* ACTION ITEM *
Which lines run from the one containing "De primeras, la" to the end of the material below? Copy them exactly, pictures excluded.

* GIVEN RECORDS *
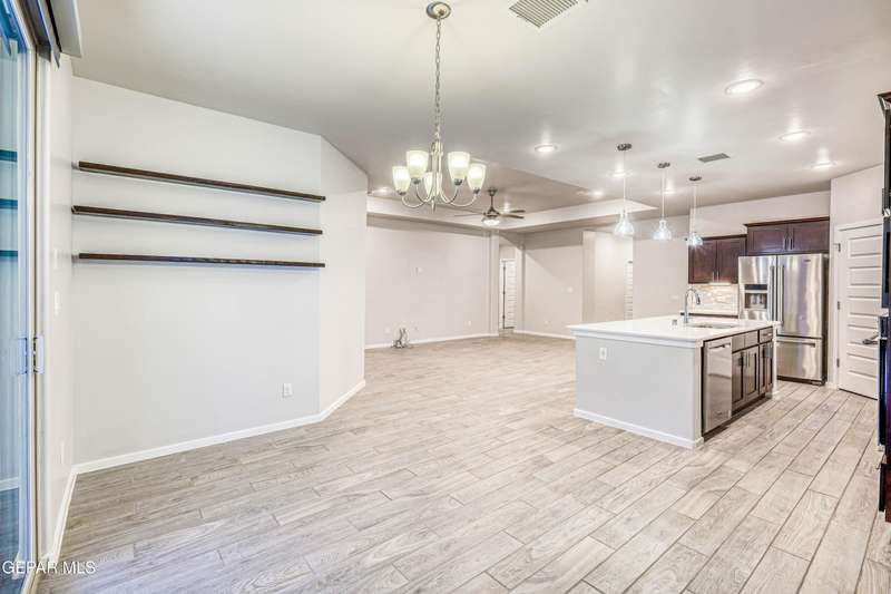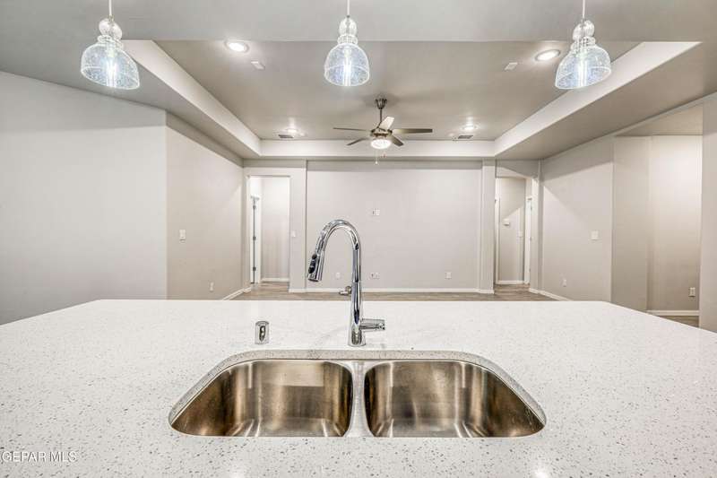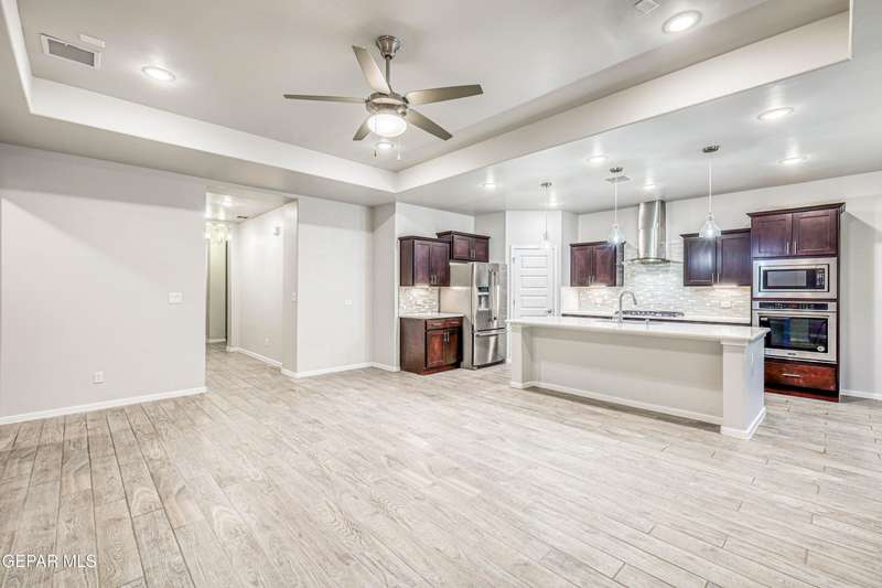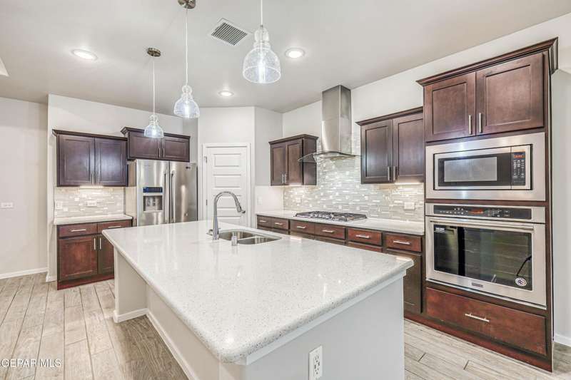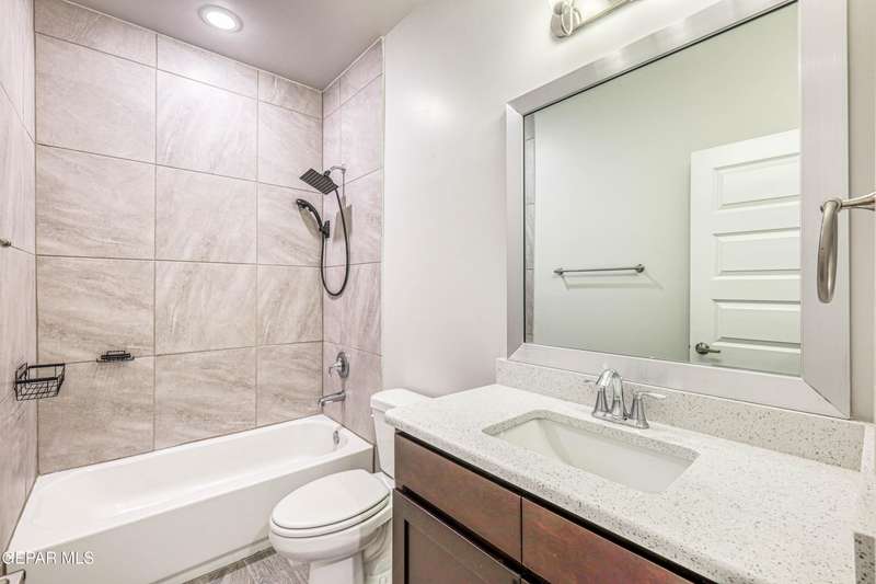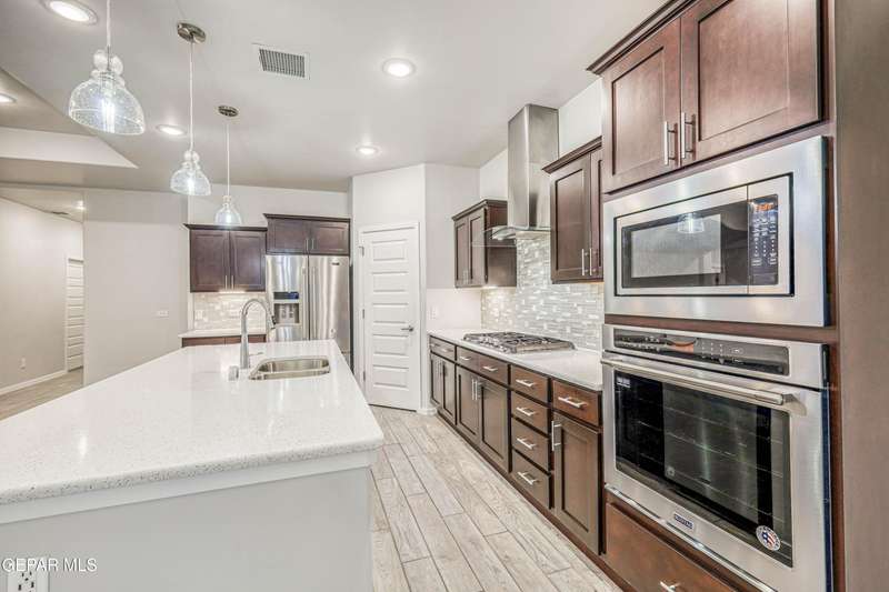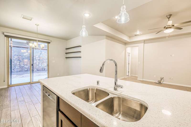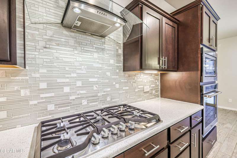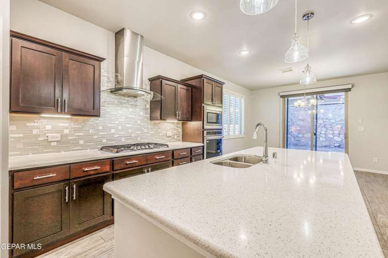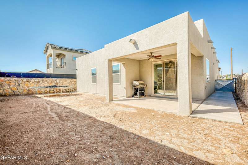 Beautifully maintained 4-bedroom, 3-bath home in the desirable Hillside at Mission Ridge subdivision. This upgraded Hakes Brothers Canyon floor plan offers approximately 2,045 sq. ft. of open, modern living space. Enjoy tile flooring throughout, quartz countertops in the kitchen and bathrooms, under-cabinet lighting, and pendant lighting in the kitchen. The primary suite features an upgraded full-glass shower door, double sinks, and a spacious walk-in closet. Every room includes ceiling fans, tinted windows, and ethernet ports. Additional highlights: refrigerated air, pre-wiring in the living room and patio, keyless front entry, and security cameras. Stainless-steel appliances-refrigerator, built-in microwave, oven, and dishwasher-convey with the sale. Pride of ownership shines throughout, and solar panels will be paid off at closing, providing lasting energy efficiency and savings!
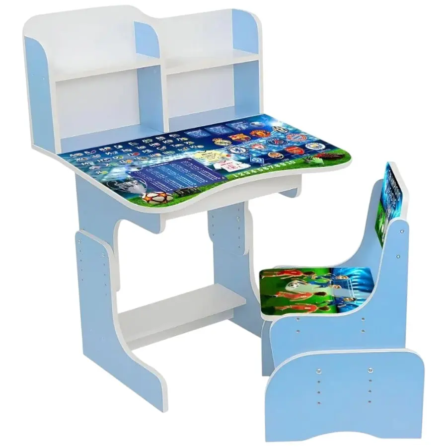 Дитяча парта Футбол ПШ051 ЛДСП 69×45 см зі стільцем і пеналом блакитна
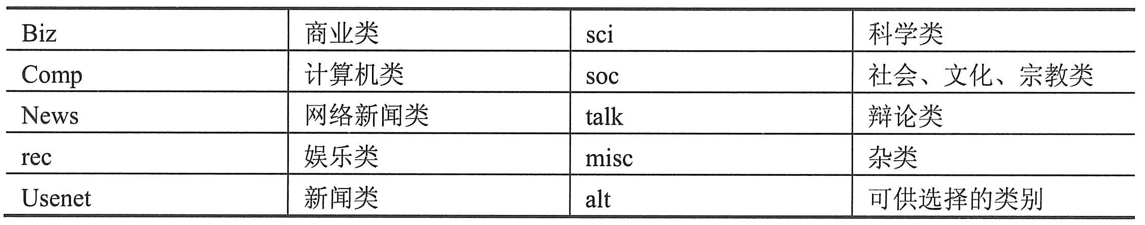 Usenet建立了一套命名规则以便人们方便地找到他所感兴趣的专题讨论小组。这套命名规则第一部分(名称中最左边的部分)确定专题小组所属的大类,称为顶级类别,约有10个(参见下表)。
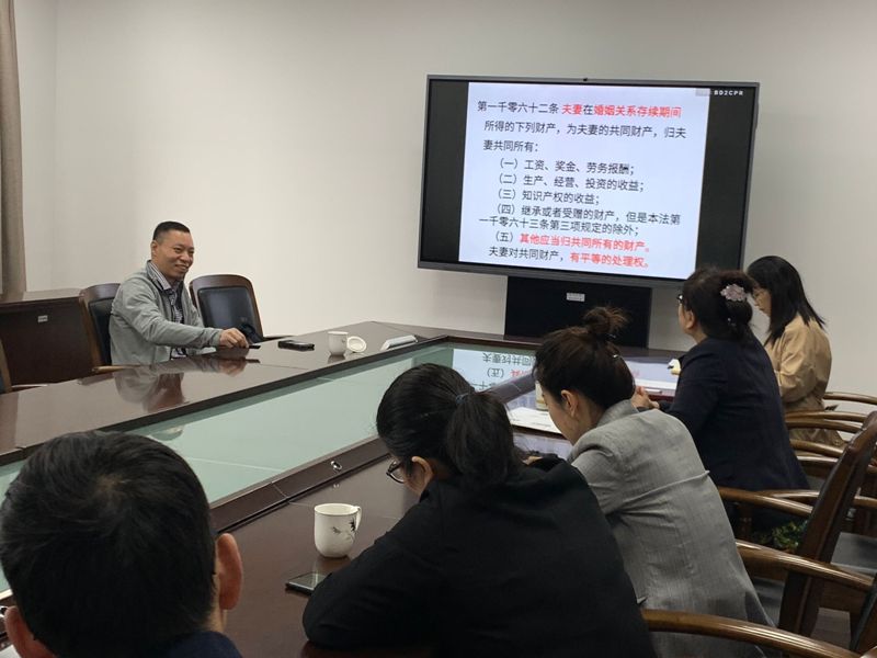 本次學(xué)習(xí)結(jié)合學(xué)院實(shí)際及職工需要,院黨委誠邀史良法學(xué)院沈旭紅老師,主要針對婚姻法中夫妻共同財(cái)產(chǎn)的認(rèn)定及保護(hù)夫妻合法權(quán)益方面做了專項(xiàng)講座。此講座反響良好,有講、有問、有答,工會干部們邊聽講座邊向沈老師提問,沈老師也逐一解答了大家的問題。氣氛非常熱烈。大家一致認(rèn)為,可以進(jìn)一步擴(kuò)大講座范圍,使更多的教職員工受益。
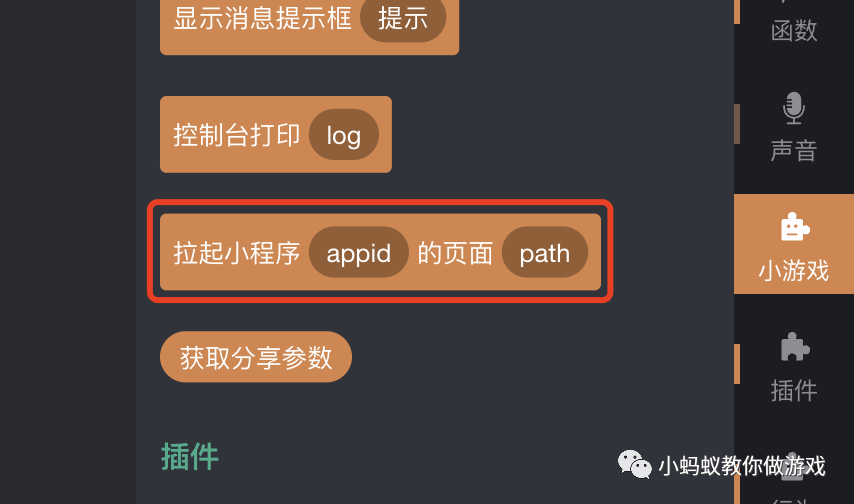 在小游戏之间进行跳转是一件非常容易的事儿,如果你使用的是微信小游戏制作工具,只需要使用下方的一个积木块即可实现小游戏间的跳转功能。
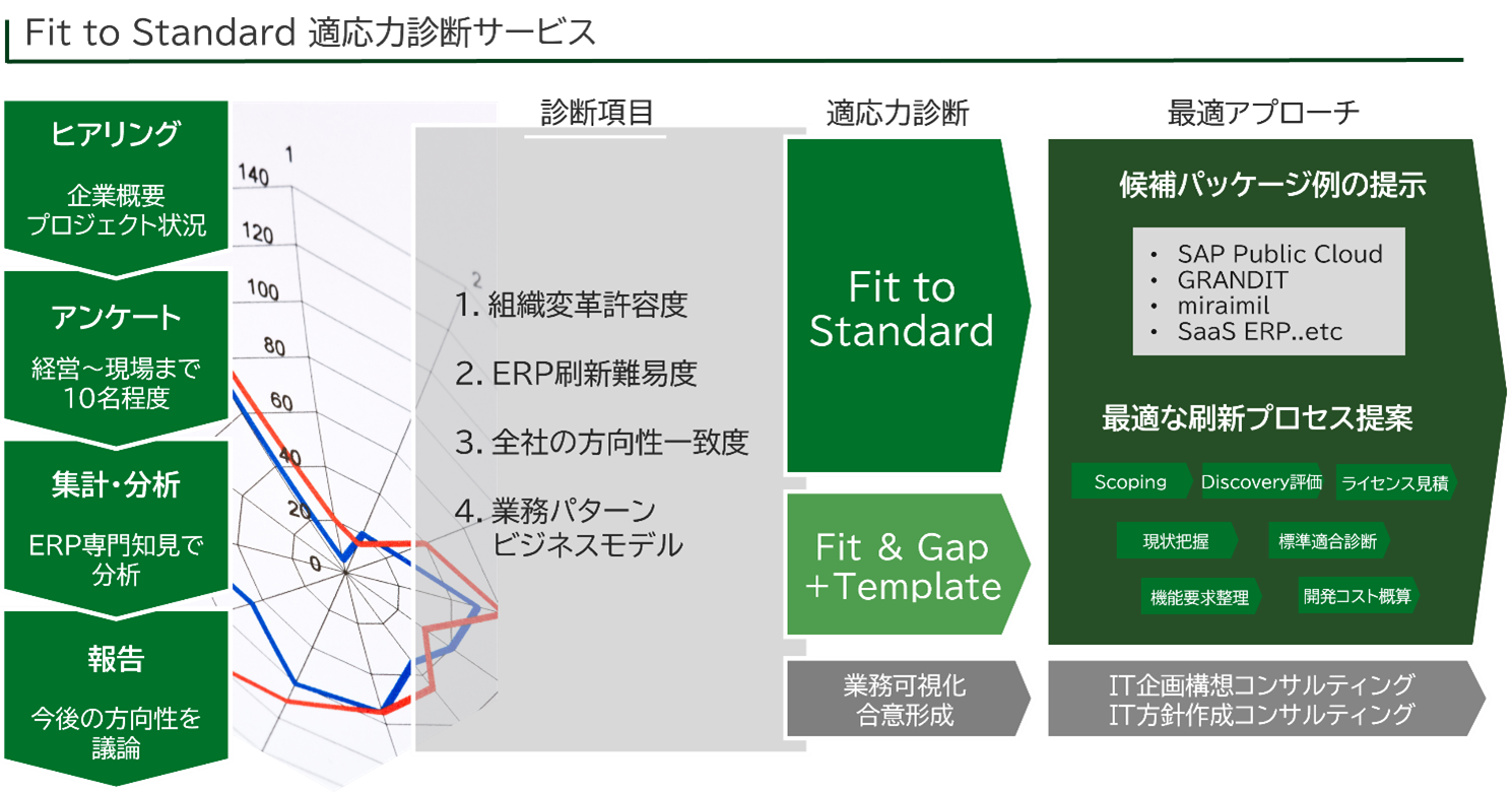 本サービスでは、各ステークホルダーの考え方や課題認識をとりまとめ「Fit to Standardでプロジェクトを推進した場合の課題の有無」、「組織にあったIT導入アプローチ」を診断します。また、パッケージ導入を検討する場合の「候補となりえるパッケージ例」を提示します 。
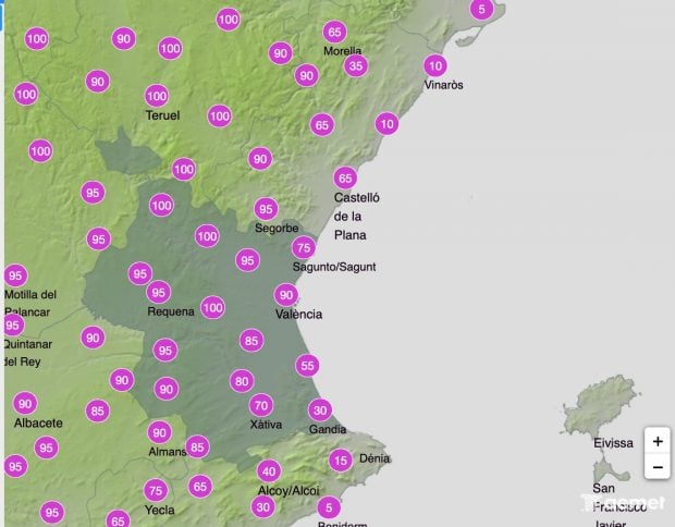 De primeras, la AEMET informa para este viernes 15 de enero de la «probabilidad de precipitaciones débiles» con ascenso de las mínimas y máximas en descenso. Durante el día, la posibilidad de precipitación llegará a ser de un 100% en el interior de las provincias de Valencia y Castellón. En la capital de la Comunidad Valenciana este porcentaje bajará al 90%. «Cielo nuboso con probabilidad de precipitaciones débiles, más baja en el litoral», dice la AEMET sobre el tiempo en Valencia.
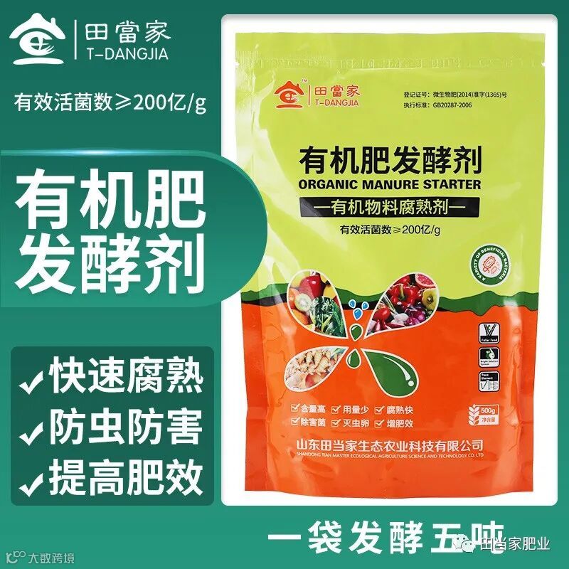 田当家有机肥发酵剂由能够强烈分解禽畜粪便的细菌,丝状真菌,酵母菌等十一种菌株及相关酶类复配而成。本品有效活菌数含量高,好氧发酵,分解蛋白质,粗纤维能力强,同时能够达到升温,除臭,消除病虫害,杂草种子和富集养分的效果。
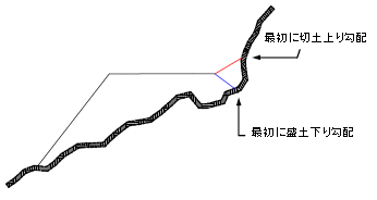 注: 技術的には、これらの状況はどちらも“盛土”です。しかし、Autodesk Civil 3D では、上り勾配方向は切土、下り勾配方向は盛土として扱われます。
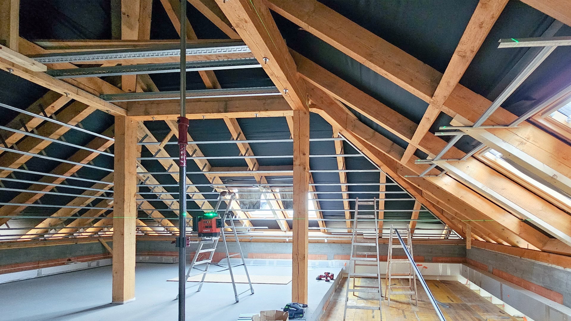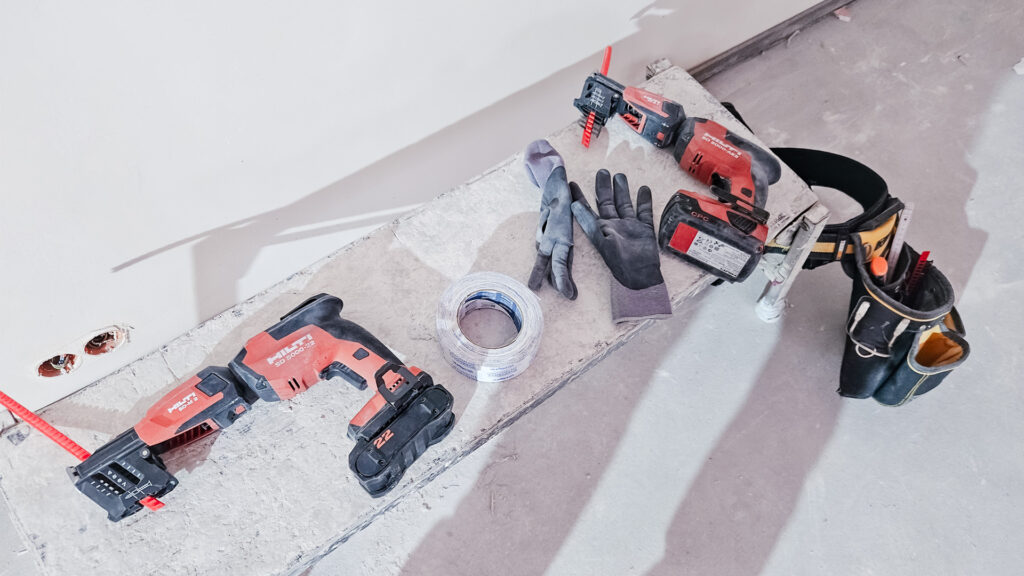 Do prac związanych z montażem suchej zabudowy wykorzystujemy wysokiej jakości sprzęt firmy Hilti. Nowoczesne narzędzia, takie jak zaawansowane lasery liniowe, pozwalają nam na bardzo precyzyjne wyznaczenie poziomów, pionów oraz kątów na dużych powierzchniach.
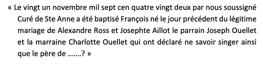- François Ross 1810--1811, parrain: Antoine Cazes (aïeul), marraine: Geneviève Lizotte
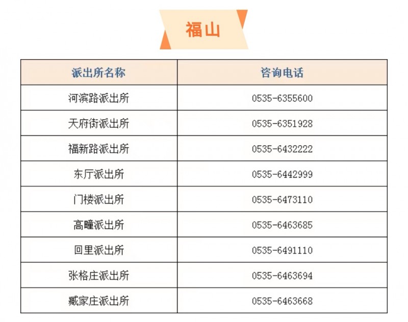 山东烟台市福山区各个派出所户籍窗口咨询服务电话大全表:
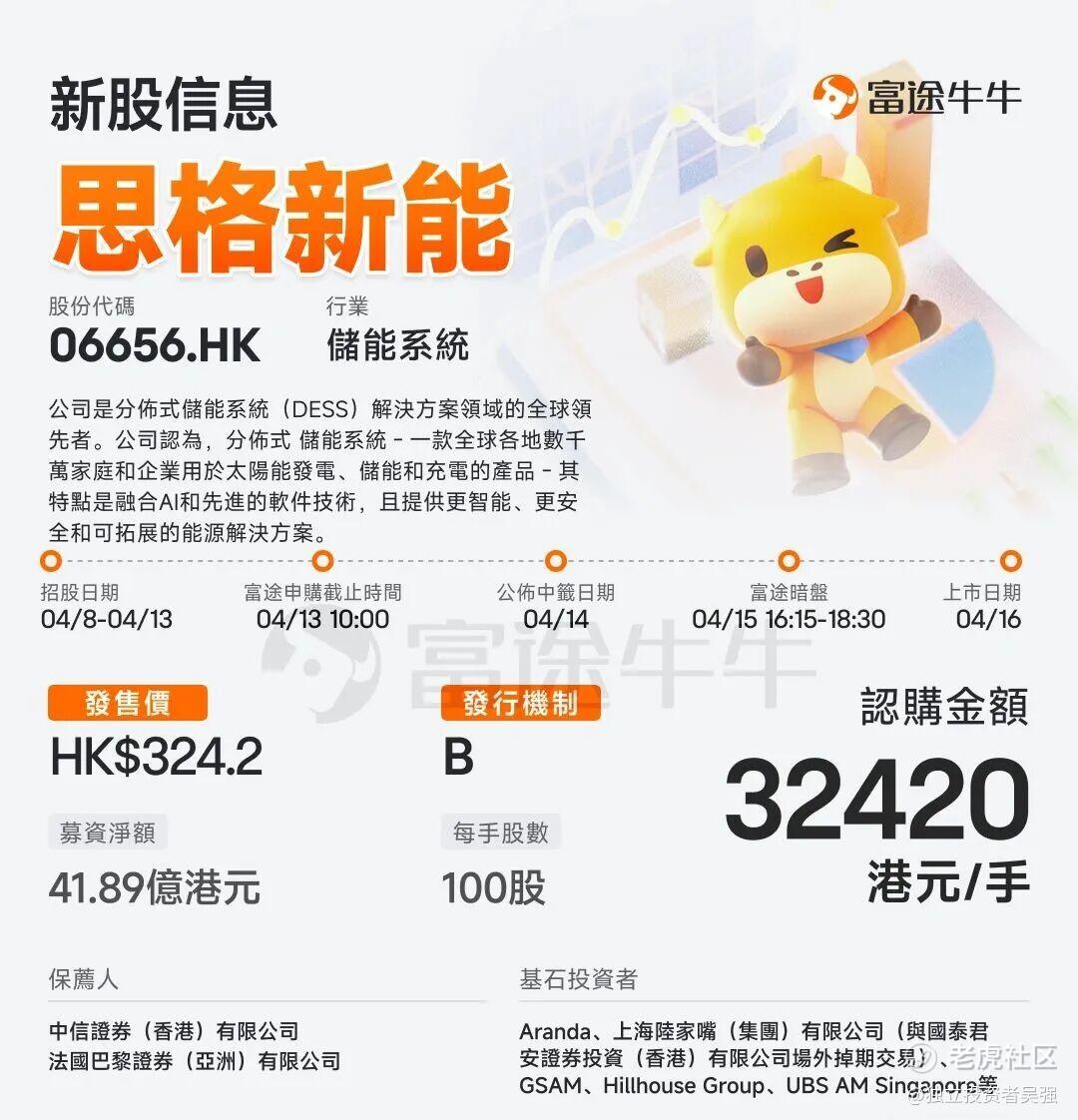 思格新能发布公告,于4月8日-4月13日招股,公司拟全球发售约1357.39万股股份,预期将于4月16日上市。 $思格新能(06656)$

* RESULT *
 De primeras, la AEMET informa para este viernes 15 de enero de la «probabilidad de precipitaciones débiles» con ascenso de las mínimas y máximas en descenso. Durante el día, la posibilidad de precipitación llegará a ser de un 100% en el interior de las provincias de Valencia y Castellón. En la capital de la Comunidad Valenciana este porcentaje bajará al 90%. «Cielo nuboso con probabilidad de precipitaciones débiles, más baja en el litoral», dice la AEMET sobre el tiempo en Valencia.
 田当家有机肥发酵剂由能够强烈分解禽畜粪便的细菌,丝状真菌,酵母菌等十一种菌株及相关酶类复配而成。本品有效活菌数含量高,好氧发酵,分解蛋白质,粗纤维能力强,同时能够达到升温,除臭,消除病虫害,杂草种子和富集养分的效果。
 注: 技術的には、これらの状況はどちらも“盛土”です。しかし、Autodesk Civil 3D では、上り勾配方向は切土、下り勾配方向は盛土として扱われます。
 Do prac związanych z montażem suchej zabudowy wykorzystujemy wysokiej jakości sprzęt firmy Hilti. Nowoczesne narzędzia, takie jak zaawansowane lasery liniowe, pozwalają nam na bardzo precyzyjne wyznaczenie poziomów, pionów oraz kątów na dużych powierzchniach.
- François Ross 1810--1811, parrain: Antoine Cazes (aïeul), marraine: Geneviève Lizotte
 山东烟台市福山区各个派出所户籍窗口咨询服务电话大全表:
 思格新能发布公告,于4月8日-4月13日招股,公司拟全球发售约1357.39万股股份,预期将于4月16日上市。 $思格新能(06656)$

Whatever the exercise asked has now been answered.